§ What you should do:
All pictures are to be skipped; retype only the lines from the top of the entries through the line with "Camera viewfinder overlay", both included.

§ Data extracts:

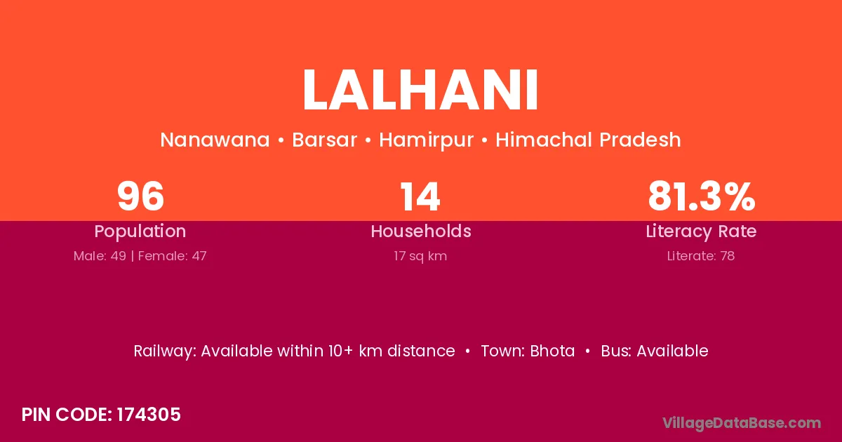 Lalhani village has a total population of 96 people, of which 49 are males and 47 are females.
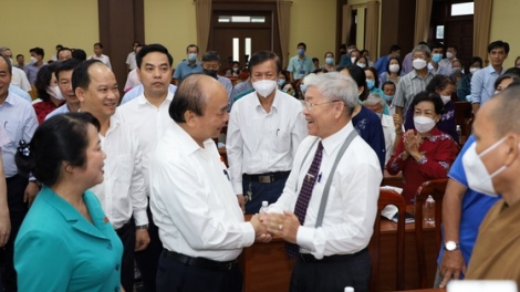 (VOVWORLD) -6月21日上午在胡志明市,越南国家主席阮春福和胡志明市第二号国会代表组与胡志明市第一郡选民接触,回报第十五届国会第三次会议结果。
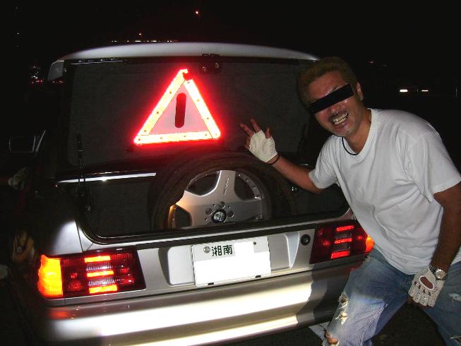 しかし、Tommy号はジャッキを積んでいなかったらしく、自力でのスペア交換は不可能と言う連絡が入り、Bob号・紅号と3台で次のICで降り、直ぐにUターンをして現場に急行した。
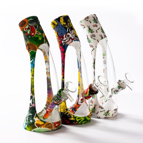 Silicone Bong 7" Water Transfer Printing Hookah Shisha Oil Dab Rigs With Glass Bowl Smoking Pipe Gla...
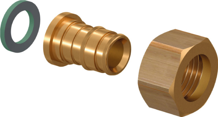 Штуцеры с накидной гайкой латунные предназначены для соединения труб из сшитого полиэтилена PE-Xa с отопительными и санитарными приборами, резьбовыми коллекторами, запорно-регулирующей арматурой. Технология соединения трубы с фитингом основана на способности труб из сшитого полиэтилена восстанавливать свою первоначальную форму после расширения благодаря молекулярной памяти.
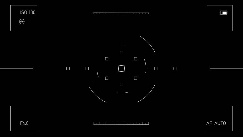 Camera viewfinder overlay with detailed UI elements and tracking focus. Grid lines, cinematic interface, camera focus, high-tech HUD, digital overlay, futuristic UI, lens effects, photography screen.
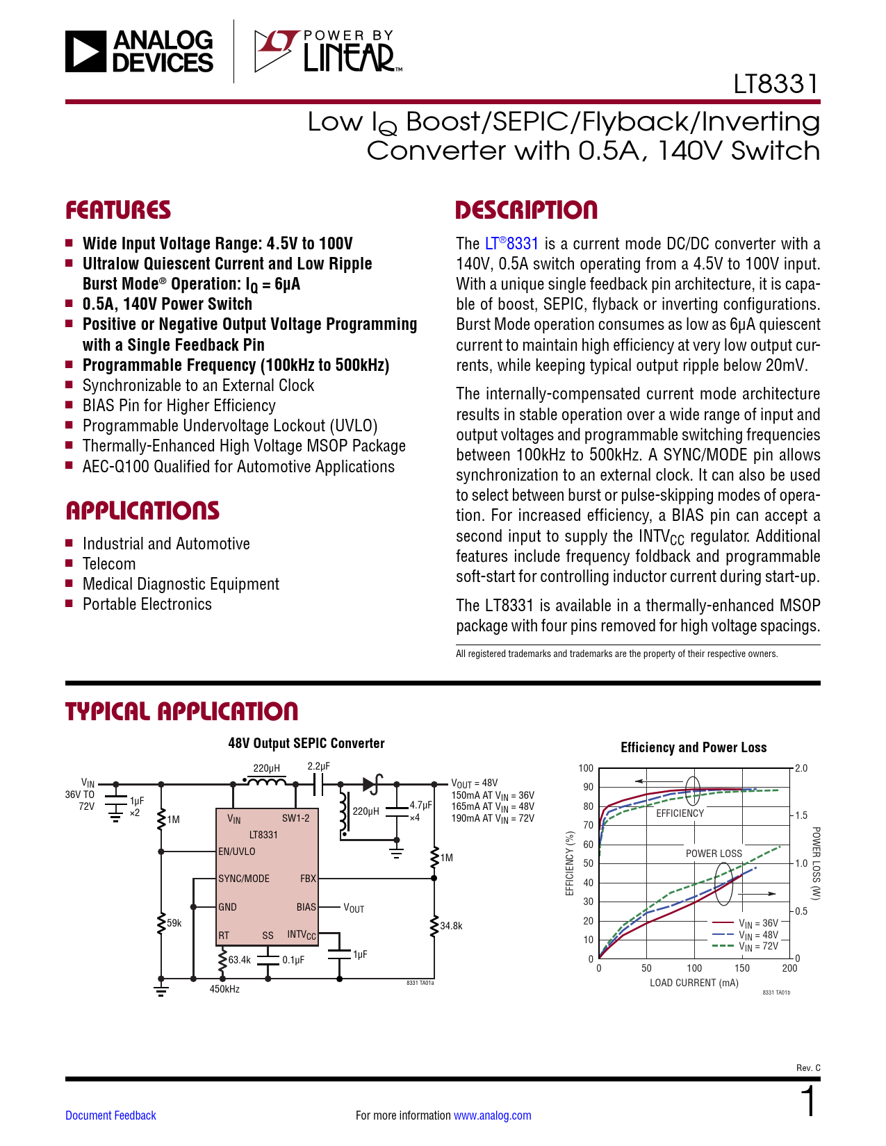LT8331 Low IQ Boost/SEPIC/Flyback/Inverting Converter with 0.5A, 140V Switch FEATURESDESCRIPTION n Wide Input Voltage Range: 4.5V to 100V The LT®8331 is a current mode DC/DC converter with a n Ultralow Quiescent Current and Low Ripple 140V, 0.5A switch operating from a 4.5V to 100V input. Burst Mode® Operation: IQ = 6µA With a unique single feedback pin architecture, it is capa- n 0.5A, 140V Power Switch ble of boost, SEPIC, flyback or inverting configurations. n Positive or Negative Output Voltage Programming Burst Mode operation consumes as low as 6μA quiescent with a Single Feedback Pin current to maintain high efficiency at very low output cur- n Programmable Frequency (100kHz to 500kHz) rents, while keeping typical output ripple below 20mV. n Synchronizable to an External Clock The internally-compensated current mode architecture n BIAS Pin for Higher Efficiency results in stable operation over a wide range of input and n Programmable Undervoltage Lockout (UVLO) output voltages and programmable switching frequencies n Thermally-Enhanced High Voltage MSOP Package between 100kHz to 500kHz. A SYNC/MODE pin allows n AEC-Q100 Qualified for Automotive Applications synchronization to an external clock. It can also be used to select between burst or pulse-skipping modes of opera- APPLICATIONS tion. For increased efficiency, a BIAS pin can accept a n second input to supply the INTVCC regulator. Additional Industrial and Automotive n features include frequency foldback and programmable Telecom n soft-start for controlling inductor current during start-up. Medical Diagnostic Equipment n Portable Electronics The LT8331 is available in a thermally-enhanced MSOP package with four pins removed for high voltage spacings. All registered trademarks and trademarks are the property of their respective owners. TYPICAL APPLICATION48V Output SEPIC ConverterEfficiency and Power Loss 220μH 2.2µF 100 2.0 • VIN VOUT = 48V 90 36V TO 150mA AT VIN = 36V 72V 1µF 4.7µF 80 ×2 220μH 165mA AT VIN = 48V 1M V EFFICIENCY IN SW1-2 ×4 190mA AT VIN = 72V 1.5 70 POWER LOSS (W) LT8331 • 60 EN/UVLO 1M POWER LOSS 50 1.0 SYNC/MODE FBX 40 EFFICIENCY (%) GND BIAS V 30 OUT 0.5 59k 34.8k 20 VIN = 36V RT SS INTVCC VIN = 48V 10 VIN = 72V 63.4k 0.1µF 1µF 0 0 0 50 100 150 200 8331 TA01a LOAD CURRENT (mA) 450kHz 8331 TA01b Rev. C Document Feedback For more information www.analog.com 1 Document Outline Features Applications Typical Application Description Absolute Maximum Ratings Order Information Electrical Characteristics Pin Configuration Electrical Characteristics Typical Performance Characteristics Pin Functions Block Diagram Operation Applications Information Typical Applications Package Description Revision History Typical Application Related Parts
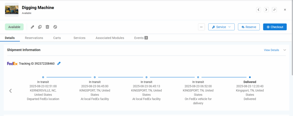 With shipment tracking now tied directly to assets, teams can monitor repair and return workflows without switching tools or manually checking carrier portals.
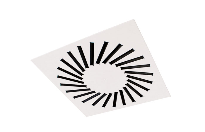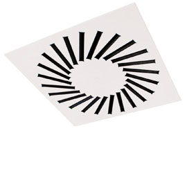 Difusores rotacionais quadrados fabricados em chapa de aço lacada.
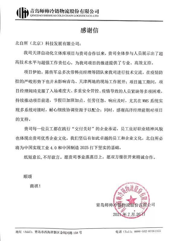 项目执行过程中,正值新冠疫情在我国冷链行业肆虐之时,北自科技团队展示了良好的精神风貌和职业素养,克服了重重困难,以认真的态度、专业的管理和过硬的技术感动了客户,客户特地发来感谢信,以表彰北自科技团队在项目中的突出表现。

§ Output of the task:
 Lalhani village has a total population of 96 people, of which 49 are males and 47 are females.
 (VOVWORLD) -6月21日上午在胡志明市,越南国家主席阮春福和胡志明市第二号国会代表组与胡志明市第一郡选民接触,回报第十五届国会第三次会议结果。
 しかし、Tommy号はジャッキを積んでいなかったらしく、自力でのスペア交換は不可能と言う連絡が入り、Bob号・紅号と3台で次のICで降り、直ぐにUターンをして現場に急行した。
 Silicone Bong 7" Water Transfer Printing Hookah Shisha Oil Dab Rigs With Glass Bowl Smoking Pipe Gla...
 Штуцеры с накидной гайкой латунные предназначены для соединения труб из сшитого полиэтилена PE-Xa с отопительными и санитарными приборами, резьбовыми коллекторами, запорно-регулирующей арматурой. Технология соединения трубы с фитингом основана на способности труб из сшитого полиэтилена восстанавливать свою первоначальную форму после расширения благодаря молекулярной памяти.
 Camera viewfinder overlay with detailed UI elements and tracking focus. Grid lines, cinematic interface, camera focus, high-tech HUD, digital overlay, futuristic UI, lens effects, photography screen.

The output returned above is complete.